» **Task details**: Lines before the one containing "Фото 2. Памятная" are not copied; that line and every one after it, through the end of the material below, are printed exactly, without pictures.
[Start of Attachment]
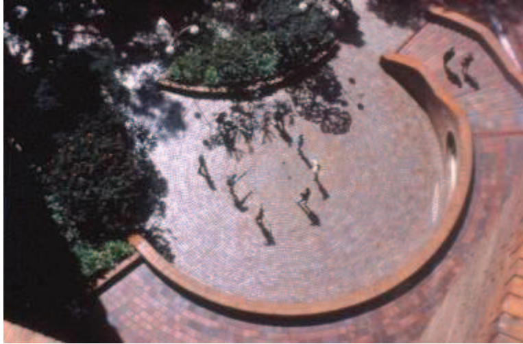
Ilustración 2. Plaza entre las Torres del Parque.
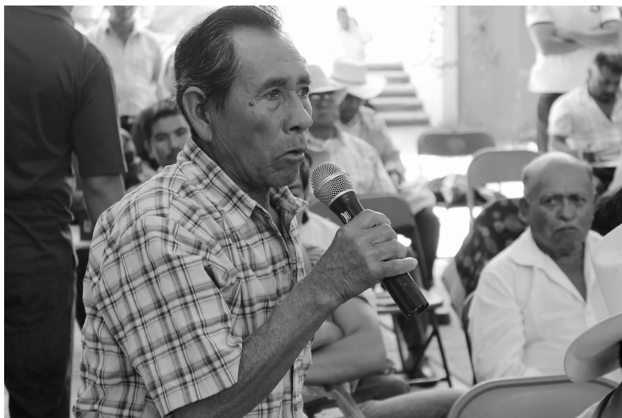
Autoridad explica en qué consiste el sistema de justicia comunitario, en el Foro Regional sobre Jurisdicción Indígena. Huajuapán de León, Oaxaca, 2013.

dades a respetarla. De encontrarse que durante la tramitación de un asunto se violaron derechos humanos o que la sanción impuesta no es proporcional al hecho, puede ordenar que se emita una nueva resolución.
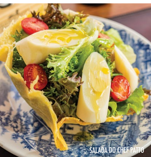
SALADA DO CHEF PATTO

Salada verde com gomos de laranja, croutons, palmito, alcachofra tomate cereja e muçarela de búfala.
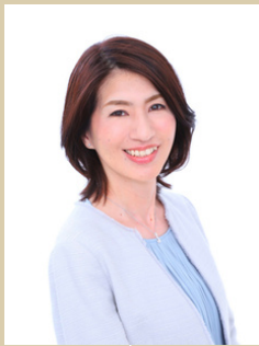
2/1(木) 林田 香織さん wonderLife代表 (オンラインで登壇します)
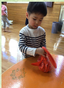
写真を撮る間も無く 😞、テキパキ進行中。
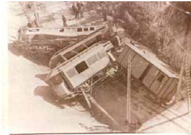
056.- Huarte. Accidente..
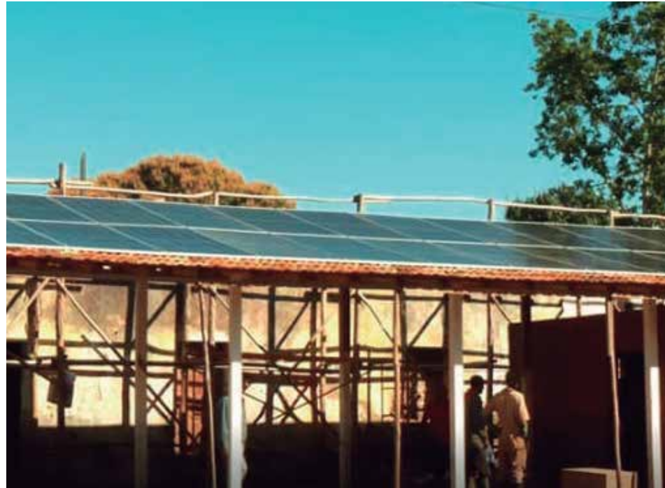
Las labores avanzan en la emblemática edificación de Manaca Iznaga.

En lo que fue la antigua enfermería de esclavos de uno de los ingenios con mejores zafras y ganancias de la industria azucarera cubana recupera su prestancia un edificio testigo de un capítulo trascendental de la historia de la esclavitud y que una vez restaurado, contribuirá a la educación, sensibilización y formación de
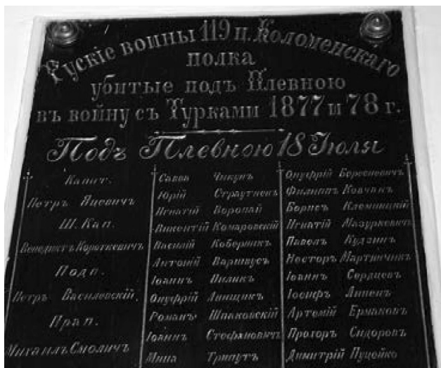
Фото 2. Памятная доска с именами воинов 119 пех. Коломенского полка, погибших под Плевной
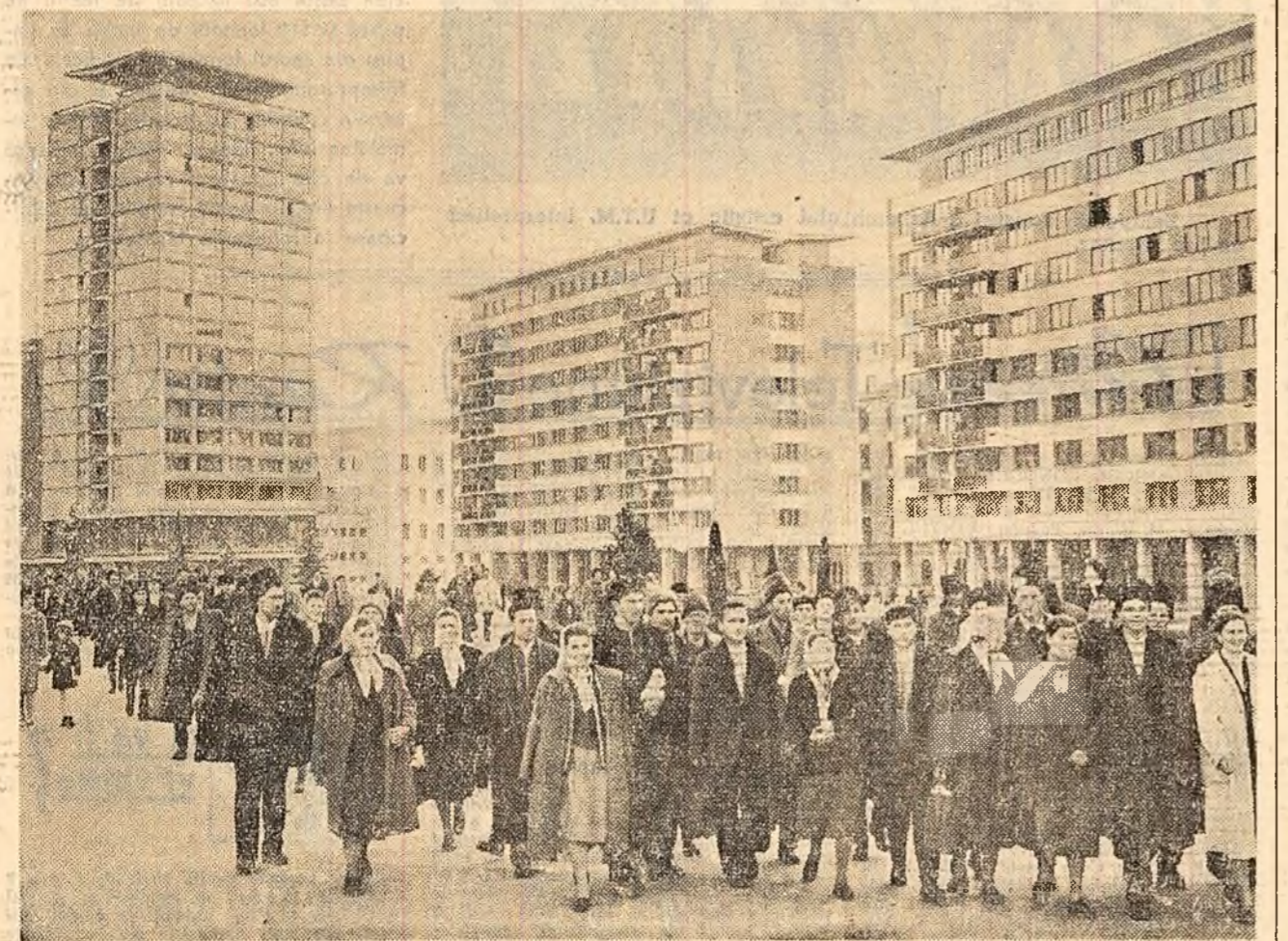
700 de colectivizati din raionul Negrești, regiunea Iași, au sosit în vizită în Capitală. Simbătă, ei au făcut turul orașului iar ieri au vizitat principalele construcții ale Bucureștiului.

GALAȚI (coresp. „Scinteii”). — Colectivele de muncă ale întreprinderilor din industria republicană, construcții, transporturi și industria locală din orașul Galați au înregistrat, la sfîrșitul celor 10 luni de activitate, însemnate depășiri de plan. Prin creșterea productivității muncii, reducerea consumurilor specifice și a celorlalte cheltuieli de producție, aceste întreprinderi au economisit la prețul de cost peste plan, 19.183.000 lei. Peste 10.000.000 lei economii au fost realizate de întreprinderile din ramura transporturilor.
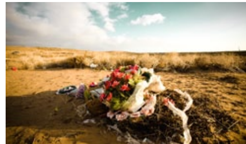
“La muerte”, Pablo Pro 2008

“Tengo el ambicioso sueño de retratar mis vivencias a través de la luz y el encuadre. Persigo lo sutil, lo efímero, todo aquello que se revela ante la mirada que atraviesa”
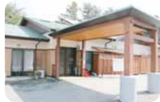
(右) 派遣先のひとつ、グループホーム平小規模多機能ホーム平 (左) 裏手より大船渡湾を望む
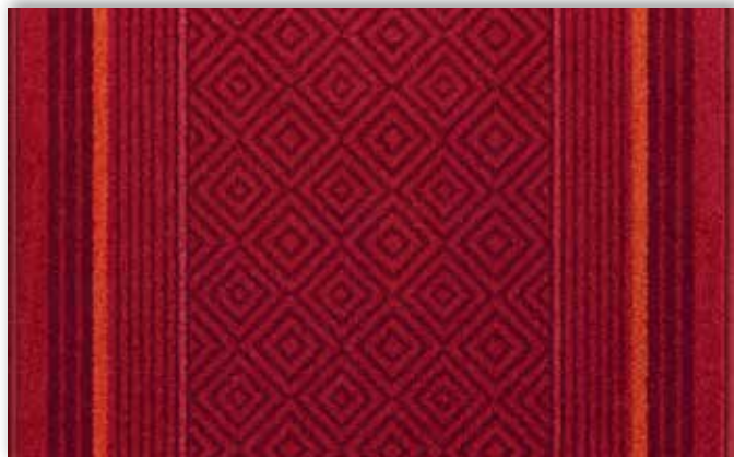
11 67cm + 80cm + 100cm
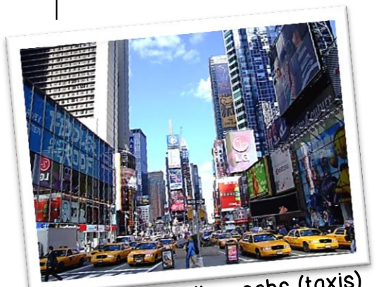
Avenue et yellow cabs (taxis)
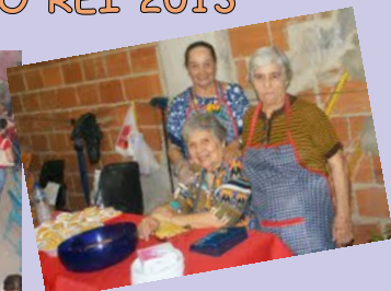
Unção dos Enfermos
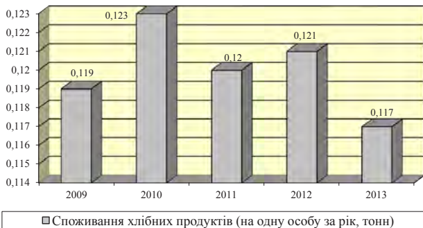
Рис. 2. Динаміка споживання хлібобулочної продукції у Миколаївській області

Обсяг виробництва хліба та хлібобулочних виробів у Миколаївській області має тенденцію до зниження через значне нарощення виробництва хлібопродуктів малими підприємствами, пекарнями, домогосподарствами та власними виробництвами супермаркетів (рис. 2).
[End of Attachment]
» **Task response**:
Фото 2. Памятная доска с именами воинов 119 пех. Коломенского полка, погибших под Плевной
700 de colectivizati din raionul Negrești, regiunea Iași, au sosit în vizită în Capitală. Simbătă, ei au făcut turul orașului iar ieri au vizitat principalele construcții ale Bucureștiului.

GALAȚI (coresp. „Scinteii”). — Colectivele de muncă ale întreprinderilor din industria republicană, construcții, transporturi și industria locală din orașul Galați au înregistrat, la sfîrșitul celor 10 luni de activitate, însemnate depășiri de plan. Prin creșterea productivității muncii, reducerea consumurilor specifice și a celorlalte cheltuieli de producție, aceste întreprinderi au economisit la prețul de cost peste plan, 19.183.000 lei. Peste 10.000.000 lei economii au fost realizate de întreprinderile din ramura transporturilor.
“La muerte”, Pablo Pro 2008

“Tengo el ambicioso sueño de retratar mis vivencias a través de la luz y el encuadre. Persigo lo sutil, lo efímero, todo aquello que se revela ante la mirada que atraviesa”
(右) 派遣先のひとつ、グループホーム平小規模多機能ホーム平 (左) 裏手より大船渡湾を望む
11 67cm + 80cm + 100cm
Avenue et yellow cabs (taxis)
Unção dos Enfermos
Рис. 2. Динаміка споживання хлібобулочної продукції у Миколаївській області

Обсяг виробництва хліба та хлібобулочних виробів у Миколаївській області має тенденцію до зниження через значне нарощення виробництва хлібопродуктів малими підприємствами, пекарнями, домогосподарствами та власними виробництвами супермаркетів (рис. 2).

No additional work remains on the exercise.